Jurors acquitted Washington of certain charges and convicted him of the lesser offense of second-degree murder, along with the remaining drug counts. He received a 57-year sentence.
On appeal, Washington only challenged Herron’s decision not to sever the drug case from the murder case. Under the rules of procedure, two or more offenses can be joined for trial when they are “of the same or similar character” or are based on “acts or transactions connected together.”
A three-judge panel for the Court of Appeals concluded that even if joining the charges was a mistake, it did not require automatic reversal of Washington’s convictions. There was “overwhelming evidence” Washington did not kill Chavez in self-defense, and the fact jurors acquitted him of some offenses, while convicting him of others, showed their ability to consider the offenses separately, the panel reasoned.
Washington then appealed to the Supreme Court.

“The prosecution’s theory was never that Washington acquired and intended to distribute the drugs because of the homicide,” wrote public defender John Plimpton. It “was always that Washington possessed the drugs and intended to distribute them independently of the homicide and subsequent flight. In the prosecution’s view, Washington was a large-scale drug dealer who just so happened to shoot a man who attacked him and his friend in a park.”
Plimpton added that the jury’s split verdict was meaningless, as it could have indicated jurors compromised in order to reach unanimity on two unrelated sets of criminal conduct.
“Do you agree as a factual matter that drugs were not involved in the fight and the shooting?” Justice Melissa Hart asked the government.
Yes, responded Senior Assistant Attorney General William G. Kozeliski.

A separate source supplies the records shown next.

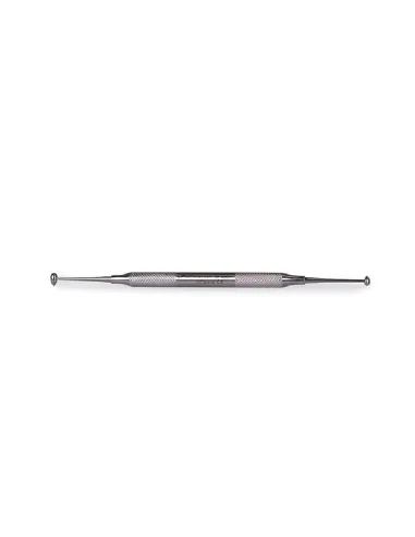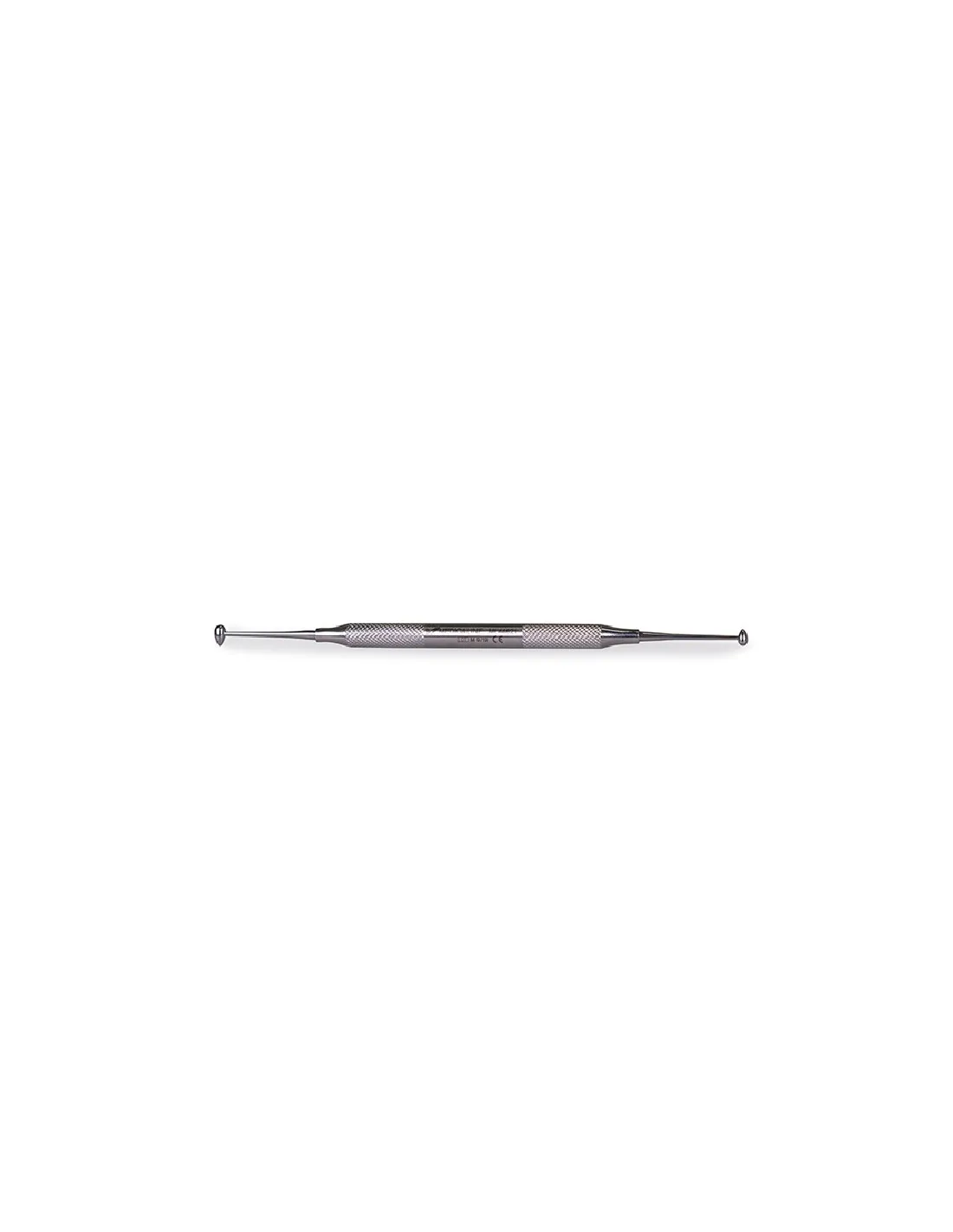 Instrumento dental 1060/11-N para trabajar la amalgama o aplicar cementos en las piezas dentales tiene doble parte activa, ambas con forma de huevo.
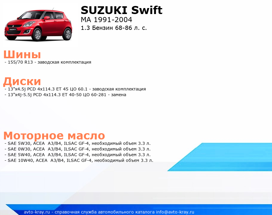 Swift 1.3 Бензин 68-86 л. с.
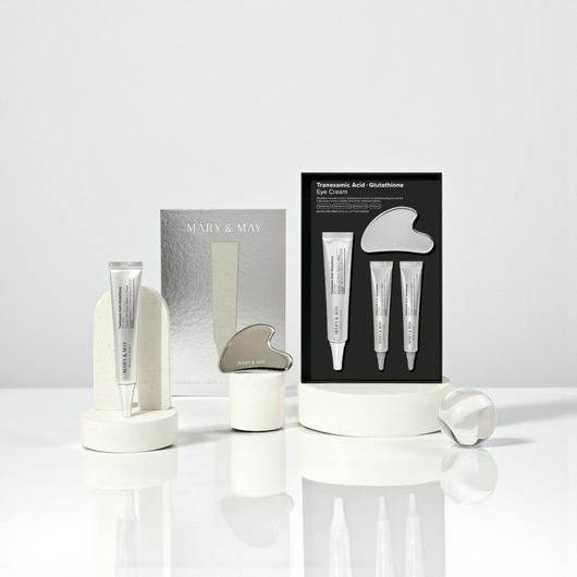 امنحي عينيكِ إشراقة متجددة وحيوية فائقة مع مجموعة كريم العين بحمض الترانيكساميك والجلوتاثيون من ماري آند ماي، المصممة خصيصاً للعناية بالبشرة الرقيقة حول العينين. تجمع هذه المجموعة بين قوة حمض الترانيكساميك الفعال في الحد من فرط التصبغ والهالات السوداء، والجلوتاثيون المعروف بخصائصه في تفتيح البشرة وتعزيز إشراقتها، بالإضافة إلى النياسيناميد وفيتامين C لتحسين مرونة البشرة وإشراقها.
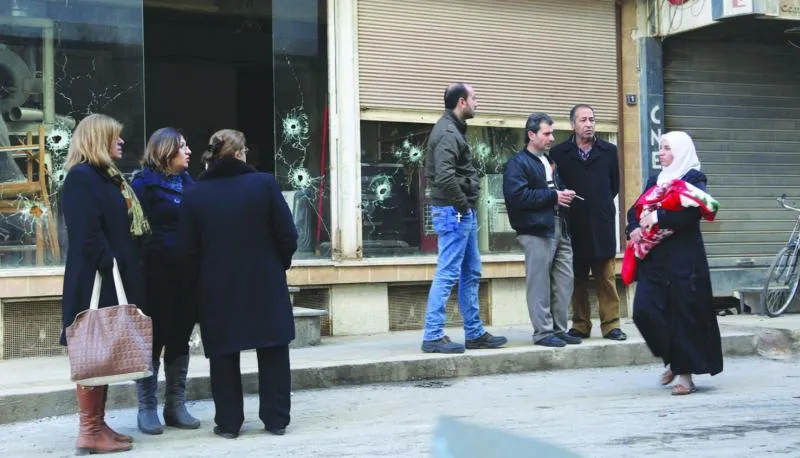 سوريون في حي بمدينة القامشلي شمال شرقي سوريا حيث اندلع قتال بين قوات كردية وسريانية في المدينة التابعة لمحافظة الحسكة (أ.ف.ب)
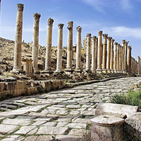 Oggi, tra Amman e i suoi dintorni, faremo un primo tuffo nella storia antica di questa splendida terra. Al mattino ci dirigiamo a Jerash, chiamata anche la “Pompei d’Oriente”, e non facciamo fatica a capire il perché. Visitiamo il Teatro sud, il Tempio di Zeus, l’imponente tempio di Artemide e il Ninfeo. Camminiamo poi sul Cardo Maximo che ancora oggi mostra i segni lasciati dalle bighe.
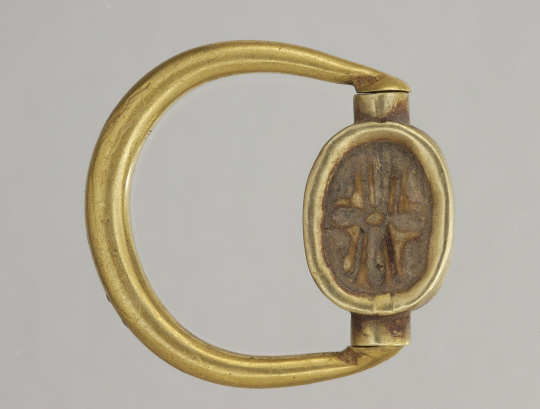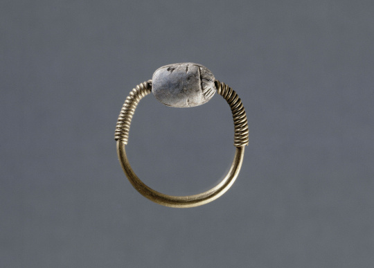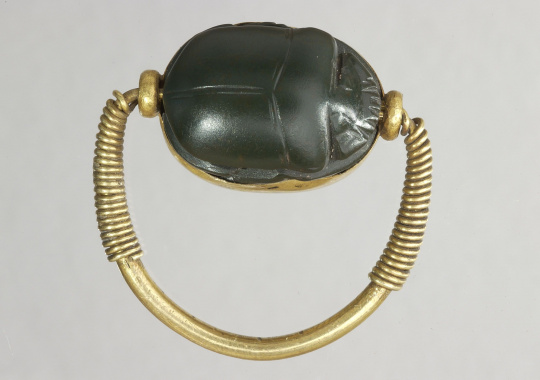 Bague En Or A Scarabee Cercle Embleme D Hathor Periode
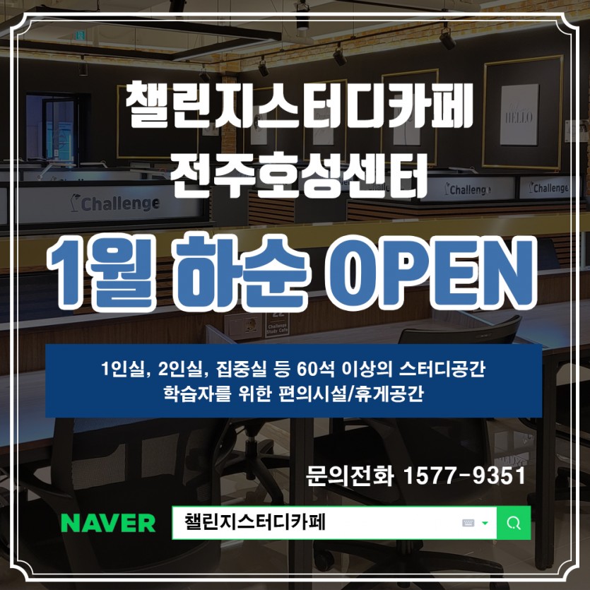 챌린지스터디카페 전주호성센터 오픈예정 페이지 정보 작성자 관리자 댓글 0건 조회 1,943회 작성일 20-12-11 16:48 목록 본문 챌린지스터디카페 전주호성센터가 신규오픈합니다.전북 전주시 덕진구 호성1길 33-10 (호성동 1가) 2층 전주호성센터는 1월 하순 오픈 예정으로1인실, 집중실, 일반실, 다인실, 휴게공간 등 다양한 스터디 공간이 마련되어집니다. 24시간/연중무휴/무인키오스크 운영사전 예약이벤트, 오픈이벤트를 진행할 예정이니 많은 참여 부탁 드립니다^^ [이 게시물은 관리자님에 의해 2020-12-15 12:31:00 공지사항에서 이동 됨] 이전글챌린지스터디카페 울산병영센터 오픈예정 20.12.11 다음글챌린지스터디카페 김해율하센터 오픈예정 20.12.11 댓글 0 댓글목록 등록된 댓글이 없습니다.
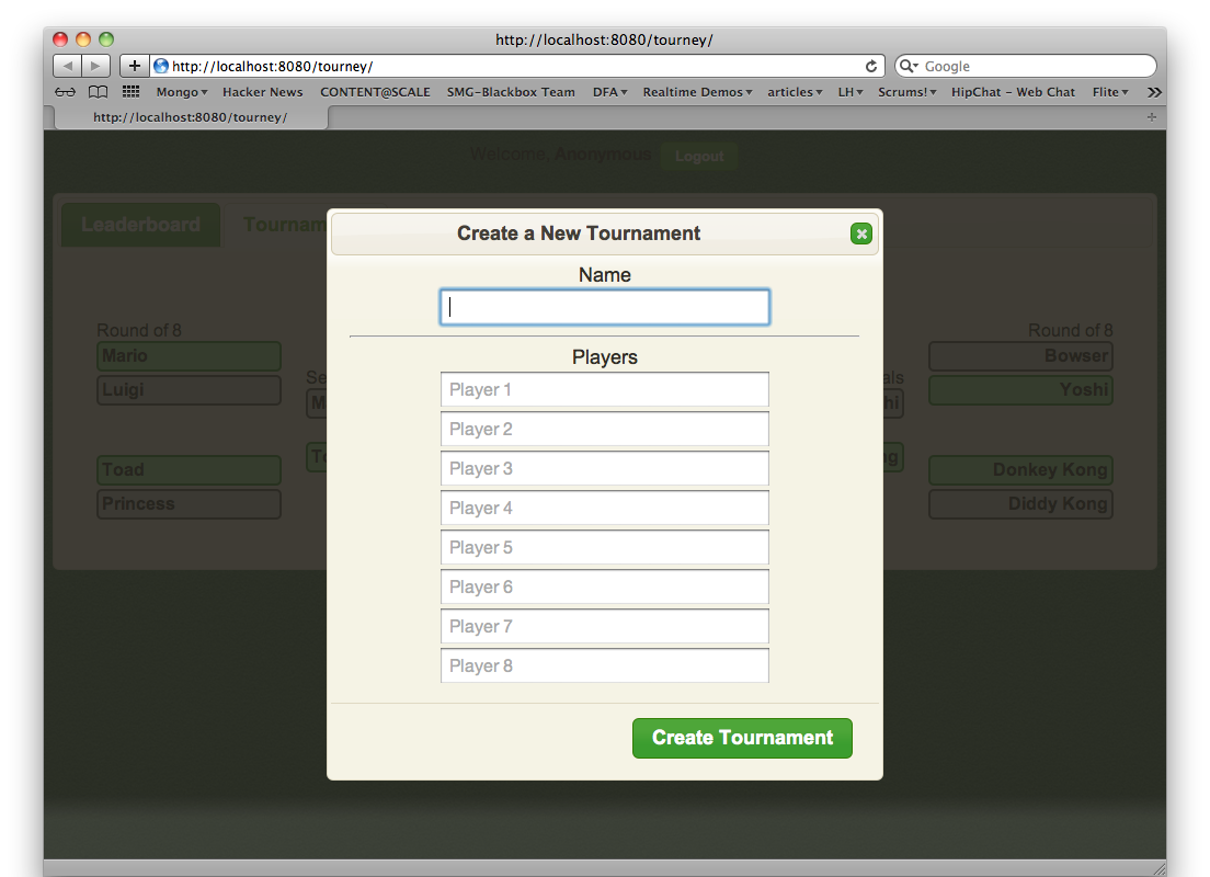 There are a number of pool enthusiasts at Flite and mini tournaments spring up from time to time. To track the results, they use a website called Nomad Pool which gets the job done but isn’t particularly well made. At the same time, we wanted to try out using a realtime app platform called Firebase. The app creates 8-player, single-elimination brackets and also has a leaderboard. The result was a very simple, single page of HTML with a little bit of client-side JS to power the whole thing.
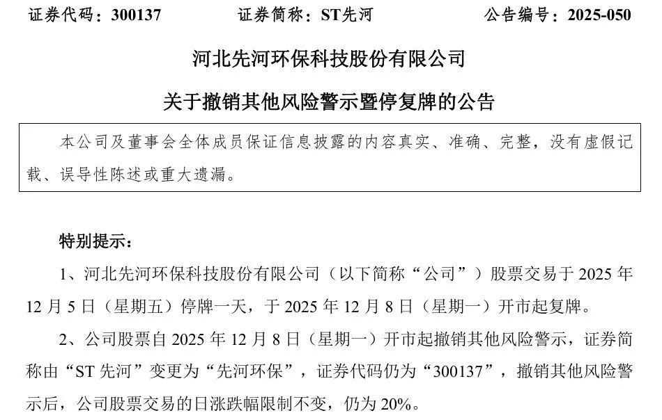 公告指出,公司股票交易将于2025年12月5日(星期五)停牌一天,并于2025年12月8日(星期一)开市起复牌。自2025年12月8日(星期一)开市起,公司股票撤销其他风险警示,证券简称由“ST先河”恢复为“先河环保”,证券代码保持“300137”不变。撤销其他风险警示后,公司股票交易的日涨跌幅限制仍为20%,未发生变化。
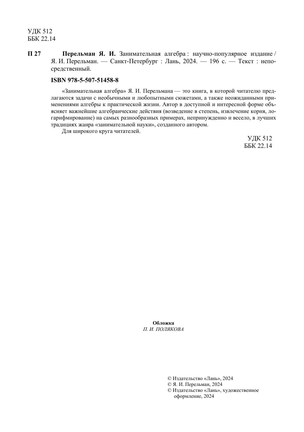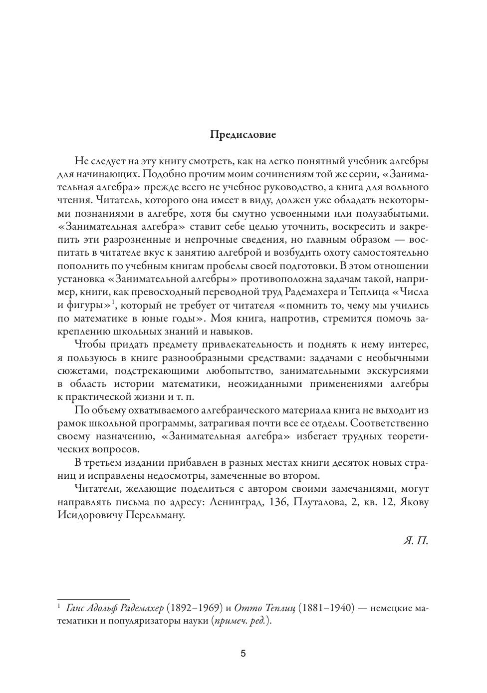 «Занимательная алгебра» Я. И. Перельмана — это книга, в которой читателю предлагаются задачи с необычными и любопытными сюжетами, а также неожиданными применениями алгебры к практической жизни. Автор в доступной и интересной форме объясняет важнейшие алгебраические действия (возведение в степень, извлечение корня, логарифмирование) на самых разнообразных примерах, непринужденно и весело, в лучших традициях жанра «занимательной науки», созданного автором. Для широкого круга читателей.
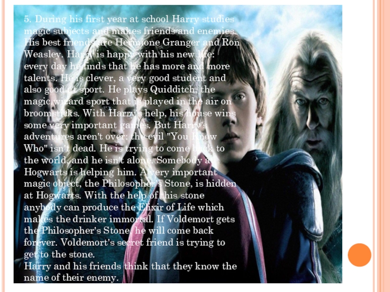 and makes friends and enemies. His best friends are Hermione Granger and Ron Weasley. Harry is happy with his new life: every day he finds that he has more and more talents. He is clever, a very good student and also good at sport. He plays Quidditch, the magic wizard sport that is played in the air on broomsticks. With Harry's help, his house wins some very important games. But Harry's adventures aren't over: the evil "You Know Who" isn't dead. He is trying to come back to the world, and he isn't alone. Somebody at Hogwarts is helping him. A very important magic object, the Philosopher's Stone, is hidden at Hogwarts. With the help of this stone anybody can produce the Elixir of Life which makes the drinker immortal. If Voldemort gets the Philosopher's Stone, he will come back forever. Voldemort's secret friend is trying to get to the stone.
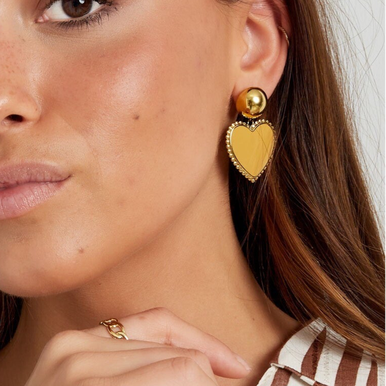 Hoe schattig zijn deze oorbellen met een dot en een zwart hartje met een gouden randje.
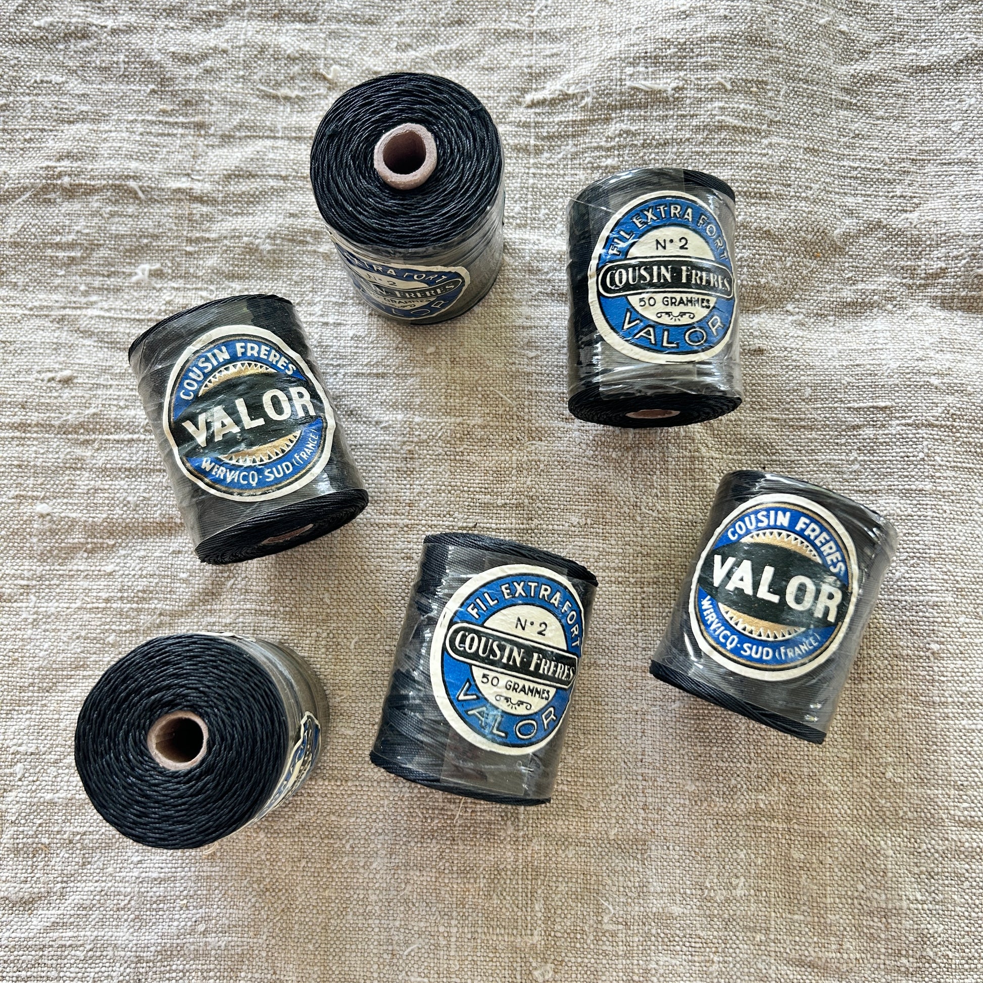 A beautiful old spool of black linen thread from the Cousin Freres Co in Southern France.
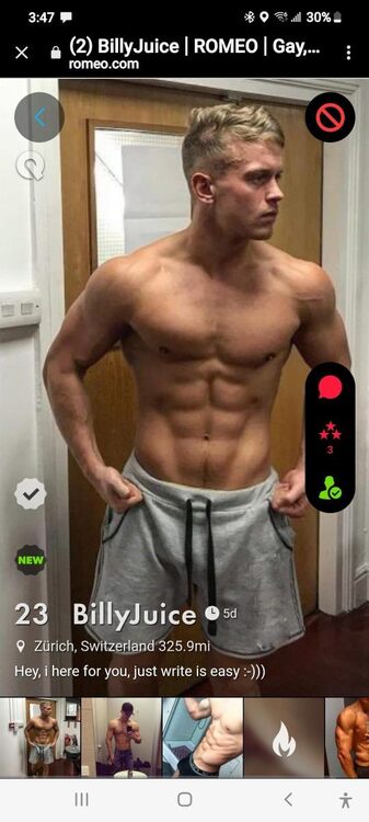 This is a brand new ad in Zurich of someone no one's seen with only 2 "reviews" . A friend was positive it was my close friend "Roald Ekberg" working Zurich but, no. The agent in Zurich often has fake ads up but always with the same pics of real guys he's represented and this guy's English is awful. I have a suspicion he may be a model whom someone is using pics of, but what a great thing if he is really new in the business. Anyone know him.? I'm in Barcelona and Prague in March and can make a side trip wherever he is. I've gone further for less.! https://www.romeo.com/hunq/BillyJuice
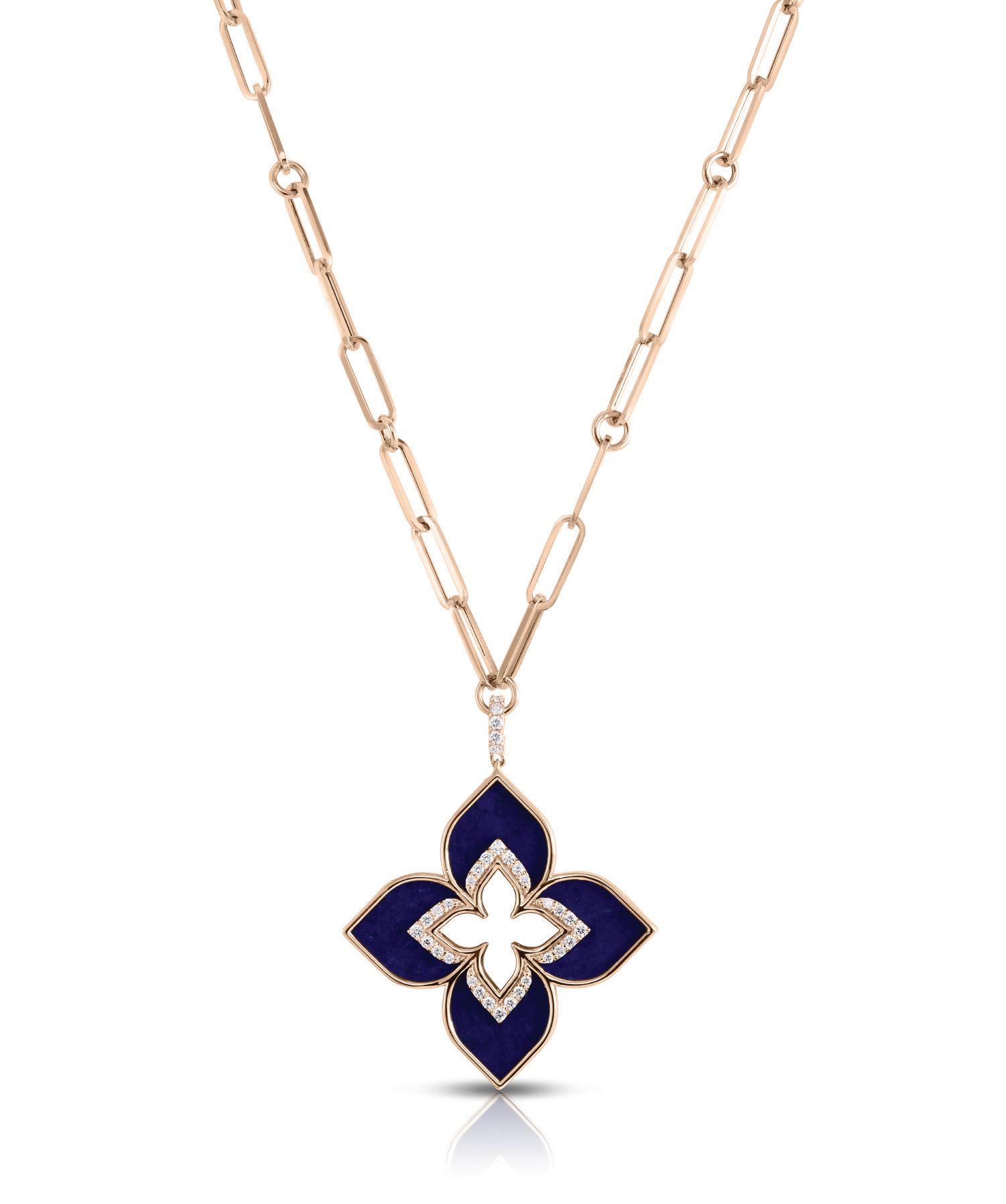 18k Rose Venetian Princess small lapis/diamond pendant and chain, $2,390; 18k Rose Venetian Princess lapis/diamond pendant on a long chain, $5,900; 18k Rose Venetian Princess small lapis/diamond earrings, $3,390; 18k Rose Venetian Princess small lapis/ diamond ring, $2,590; 18k Rose Venetian Princess lapis/diamond drop earrings, $8,500.

However, he argued it was “difficult to imagine” a more connected series of events.
“Do the drugs belong to the girlfriend … or does it belong to the guy who just shot somebody and who’s trying to get out of town?” said Kozeliski. “So, the inference is: the drugs belong to him because he’s the one with motive to gather them and to help him get out of town.”
“You could picture the murder trial as nothing more than, ‘He came at me, I went and got a gun and I shot the guy,'” countered Gabriel.
Plimpton argued that under the Supreme Court’s own precedent, an error in joining the charges at trial would merit automatic reversal, given the potential harm to Washington’s self-defense claim from jurors hearing about his drug dealing. Gabriel was sympathetic to that idea.
“We’re, like, three steps removed from the murder,” he said.
The case is Washington v. People.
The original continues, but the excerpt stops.